0

So I am working on a crawler, and some of the data I want to store about the sites I crawl is their IP address. I'd prefer to do this without having to hit their server again, so is there anyway to get this information from LWP or WWW::Mechanize after you've already requested the webpage? For instance:

my $mech = WWW::Mechanize->new();
$mech->get($url);
$ip = $mech->url_ip;

I've looked through the documentation of LWP and WWW::Mechanize and I can't seem to find anything, however I've missed things before. So does anyone know of a way to do this with one of these modules? Or even another similar module that can do it?

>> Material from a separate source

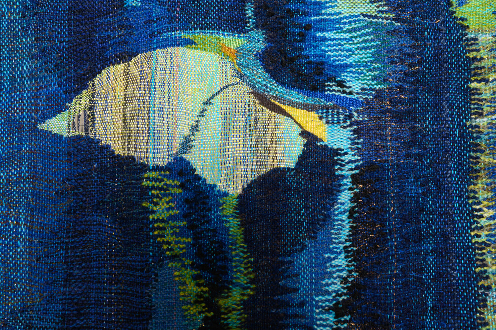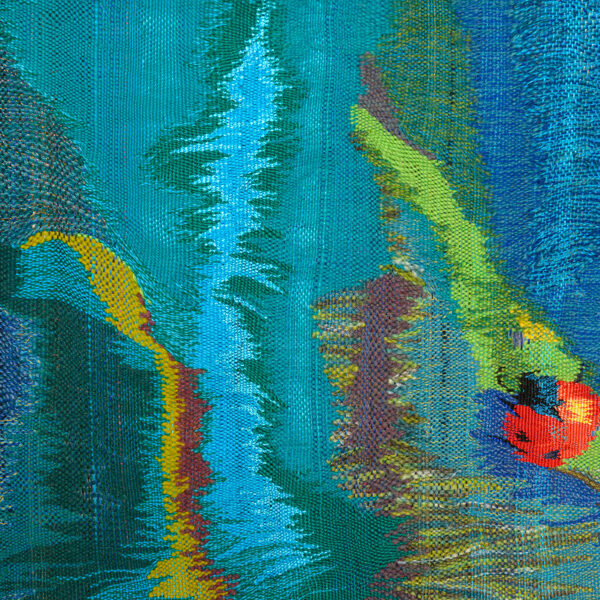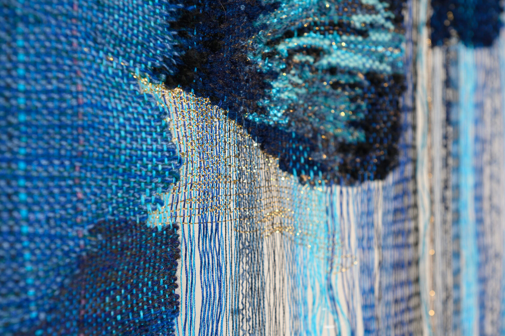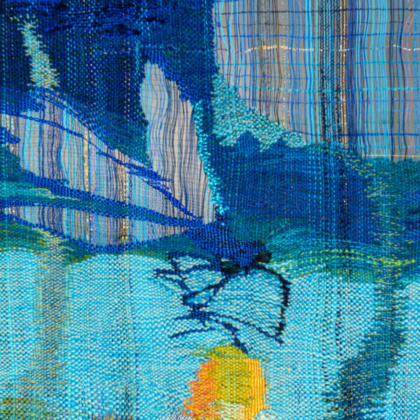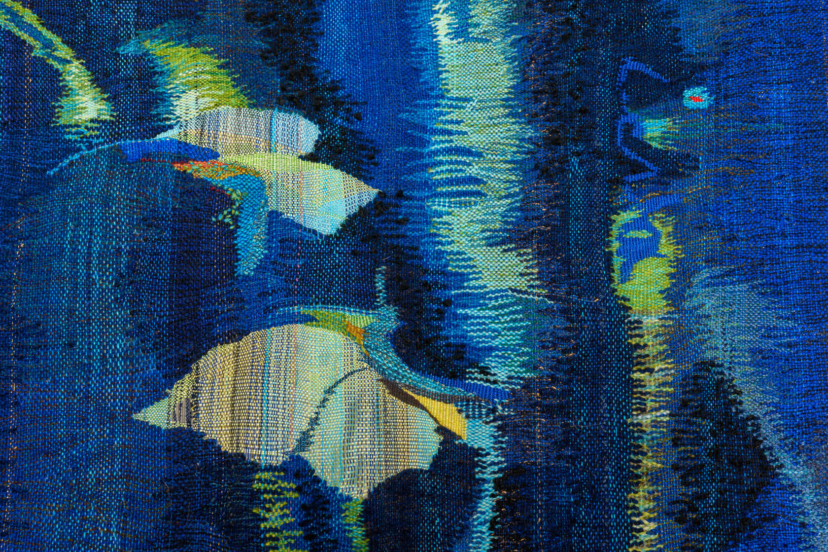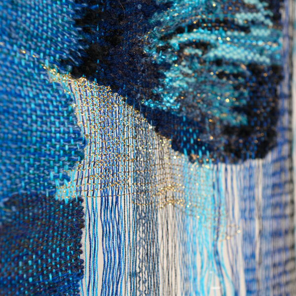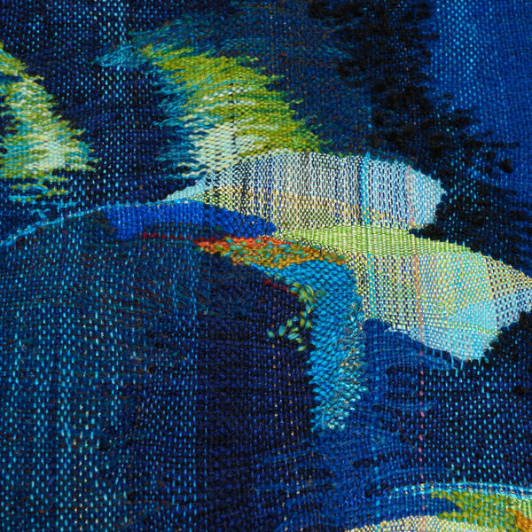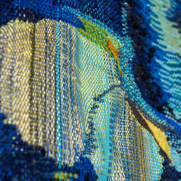 Rooted in 14th-century tapestry traditions, yet combined with an original method that leaves certain areas unwoven, producing three-dimensional shadows that extend beyond the tapestry.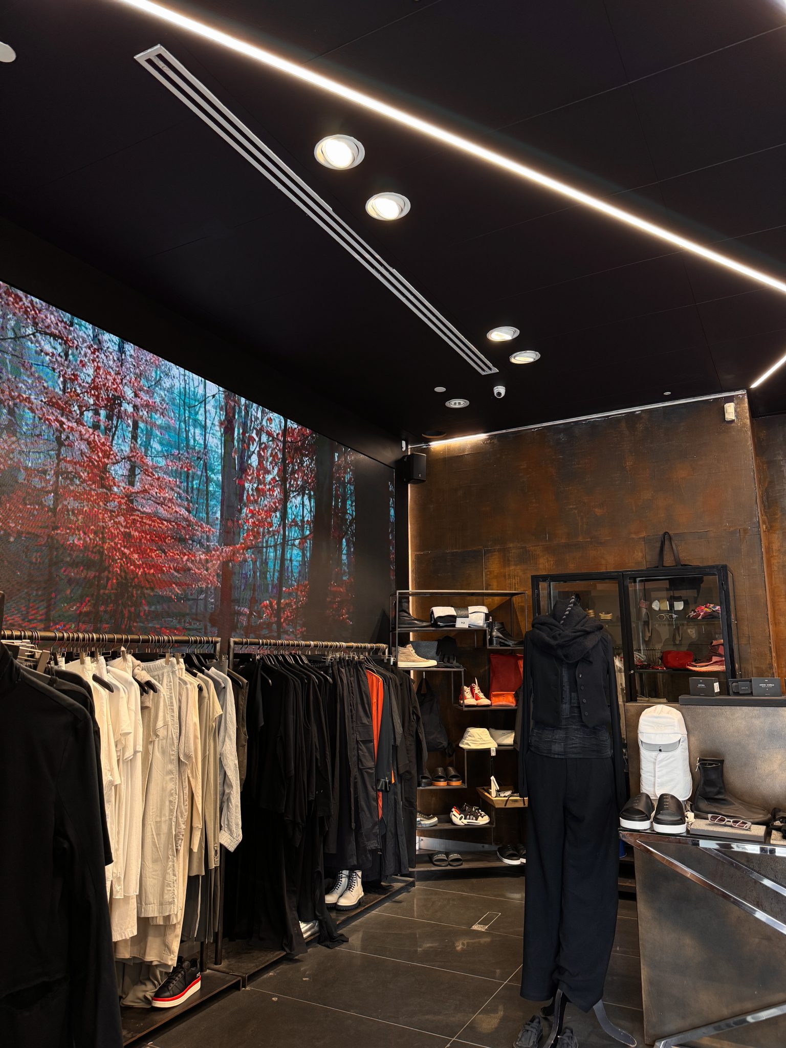 בגדי הגברים מוצגים בקומת המרתף, שבה האווירה היא דרמטית והעיצוב התעשייתי. ״זהו חלל חשוך וסוחף שמזכיר מועדון לילה. האור ממוקד על הקירות הגולמיים, והאווירה המסתורית יוצרת רקע מושלם לקולקציות האוונגרדיות של המעצבים שמוצעים בחנות״.

Thanks for the help!

srchulo
  • 5,143
  • 4
  • 43
  • 72

2 Answers2

2

If it is just arbitrary (quad-)A records you want to store, you could also try something like this:

use strictures;
use Perl6::Take qw(gather take);
use Socket 1.96 qw(getaddrinfo getnameinfo AF_INET6 AF_INET SOCK_STREAM NI_NUMERICHOST NIx_NOSERV);
# require 1.96 or better for NIx_NOSERV, ships with Perl 5.14
⋮
my $host = $mech->url->host;
my @ip = gather {
    for my $family (AF_INET6, AF_INET) {
        my ($err, @addrinfo) = getaddrinfo($host, 'http', { family => $family, socktype => SOCK_STREAM });
        warn "Cannot getaddrinfo - $err" if $err;
        for my $ai (@addrinfo) {
            my ($err, $ipaddr) = getnameinfo($ai->{addr}, NI_NUMERICHOST, NIx_NOSERV);
            warn "Cannot getnameinfo - $err" if $err;
            take $ipaddr;
        }
    };
};
LeoNerd
  • 8,344
  • 1
  • 29
  • 36
Sebastian Stumpf
  • 2,761
  • 1
  • 26
  • 34
0

Using Net::DNS. Here's a simple example:

my $resolver = Net::DNS::Resolver->new();
my $response = $Resolver->send("example.com", "A");
my @rr = grep { $_->type eq "A" } $response->answer;
my $ip = $rr[0]->address;